Disney has been dabbling in both gaming and education as vehicles to market its many brands, and also as salient businesses of their own — no surprise, given that one primary focus for it has been on younger consumers and their needs and interests.

In some cases, it seems it may use strategic investments to do this, for example with Disney-themed nights on HQ Trivia. Interestingly, although it doesn’t appear that Disney invests in Byju’s — which itself just raised $300 million — the educational app, which has been described as “Disneyesque”, teamed up with Disney in October to develop co-branded educational content, another sign of Disney’s interest in the field.

Kahoot has been around since 2006 but has seen a sharp rise in users in the last few years on the back of strong growth in the US — benefitting from a wider trend of educators creating content on mediums and platforms that they know students already use and love.

Kahoot’s last reported user numbers come from January, when it said it had 70 million registrations, but its CEO and co-founder Åsmund Furuseth told TechCrunch in October that it was on track to pass 100 million by this month. Kahoot didn’t release updated figures today, but my guess is that Kahoot has hit its target (maybe even passed it), and that is one reason why Disney decided to exercise its investment option.

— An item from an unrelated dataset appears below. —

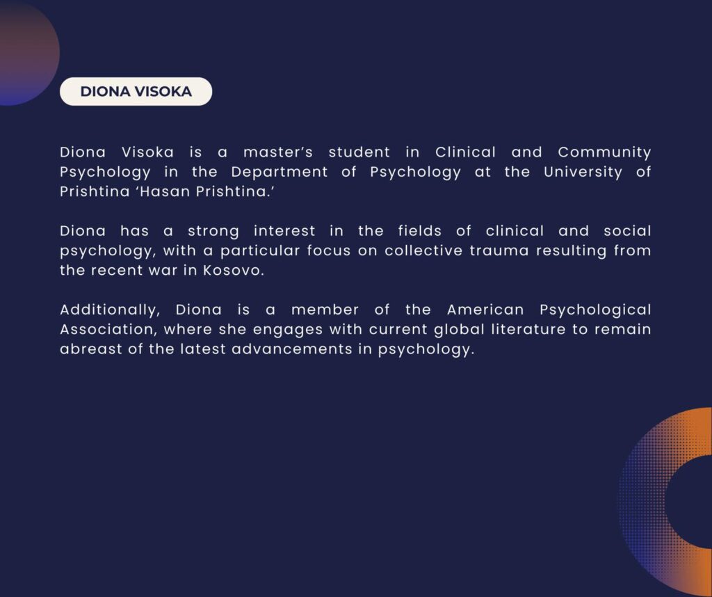 – Interesat e saj fokusohen në psikologjinë klinike dhe sociale, me theks të veçantë në traumën kolektive si pasojë e luftës së fundit në Kosovë.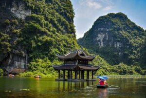 13:30 – 15:45: Di chuyển ra bến đò, lên thuyền tham quan khu du lịch sinh thái Tràng An.

Kahoot is not your average gaming company: some games are created in-house, but the majority of them are user-generated — “Kahoots” in the company’s parlance — created by the people setting the learning tasks or those trying to create a more entertaining way of remembering or learning something. These, in turn, become games that potentially anyone can use to learn something (hence the name).

There have been about 60 million of these games created to date, a pretty massive amount considering this is educational content at the end of the day.

Kahoot has developed its business along two avenues, with games for K-12 students and games for business users, building training and other professional development in a wrapper of gamification to engage workers more in the content. 

In practice, about half the games in Kahoot’s catalogue are available to the public and half are private, with the split roughly following the company’s business model: games made for corporate purposes tend to be kept private, while the educational ones tend to  be made publicly available. The business model also follows that split, with Kahoot’s business users accounting for the majority of its revenue, too.